Do you ever get any nerves ahead of a festival screening?
In a good way. You literally dedicate a part of your life and identity making a film, that it becomes you in a way. It is difficult not to correlate and use the audience’s reaction to supply more meaning to that dedication, as there isn’t necessarily a distinction between me and my work, but that’s what makes it thrilling every time. Every time I am at a screening, I watch pretending I haven’t seen my own film and try to channel the audience’s experiences as my own. It’s never the same at every festival. It’s nerve-racking because you never know which way the reception will go, but I welcome it because it gives me an improved sense of physicality.
How does it feel to be back at the festival with Open Beyul Torrent?
It makes me feel many things. I didn’t send my film to that many places this time around, so to be part of
the line-up this year is really nice because it becomes so much more intimate and meaningful.
Tell me a little bit about Open Beyul Torrent, how did this project come about?
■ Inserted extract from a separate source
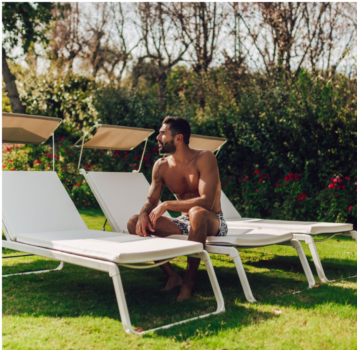
MAT AND FABRICS LINE PAG. 09-12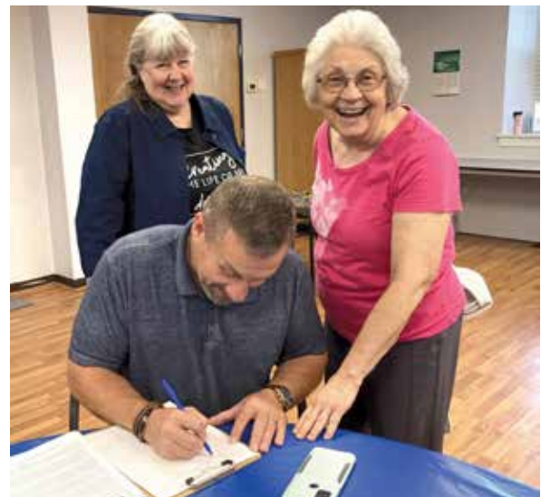
I recently joined the Phoenixville Area Seniors Center, which apparently was cause for some smiles.

Open Beyul Torrent started out as a collaboration between me and my filmmaker friend Sam Handley. He does live-action, I do animation. He approached me with an idea he would like to see animated, so we had many lunches trying to work out the treatment together, and many months later, Open Beyul Torrent came to be.
There are several ways of reading it, but mainly it’s a reversed interpretation of our preoccupation with technology, reflected through a digital man who has never been in “nature” as we know it.
What was the biggest challenge you faced bringing Open Beyul Torrent to life?
I was working at an animation company during the making of Open Beyul Torrent, so actually finding the time to make it was challenging because I did not have that many. I lived on the other side of town from work, so by the time I commuted home and made dinner, I would be left with about 1 hour to work on Open Beyul Torrent before needing to go to bed so that I could wake up to be in time for work the next morning. After spending 8 hours a day on a screen at my day job, spending a 9th was something that I would not look forward to, but I did because I believed so much in me and Sam’s vision.
Had you had much experience creating a project like this completely out of code?
This was my first time. Open Beyul Torrent required it because the work is set in a computer.
Have you always wanted to be a filmmaker?
Not consciously. For the time being, it seems that all my subjective experiences with art – be it my work as a musician, a painter, a designer, or a sculptor – whilst simultaneously being inter-informative, are all leading me to animation, so I see it as a very natural progression for myself as a multidisciplinary artist to get into film next.
What is it about video art that interests you so much?
The potential of telling so much more at your disposal, the potential it can tell, and its disposable nature.
How important is the collaborative process for you?
As a person who works mostly solitarily, I think it’s important because it brings about another subjective experience, one that isn’t your own, that you have to deal with – which is always great because you’re exposing yourself to ideas that you might not necessarily agree or be acquainted with. I think you can always distil growth from collaborating, even if they don’t work out in the end.
How much has your approach to your work changed since your debut project?
A 360 turnaround – I am back where I started, but better informed about my intuition. After VACUUM in 2017, I ran the opposite way and made work that was overt in meaning and urgent calls for action, but after Open Beyul Torrent I realised that dismantling an audience’s entire personal belief system, and then building it back up with mine was not only something that wasn’t truthful to myself as an artist, but it was also impossible to do. Now I just want to raise questions through “the sublime”, which I think VACUUM had a fair bit of.
Do you have any advice or tips for a fellow filmmaker?
Always go with your intuition, and if you don’t understand it, keep asking “why”.
What are you currently working on?
I am currently working on my next animated project, Greener Than Sprinkler Green, a film about hedonistic nihilism, which is quite the change of pace for me, I think. It sounds pretentious because it is about pretension. I am working on it through 2019. It is objectively my most ambitious work to date, but I am having so much fun.
And finally, What do you hope people will take away from your work?
To may not understand things, and that’s OK. I think that is the root of all tolerance.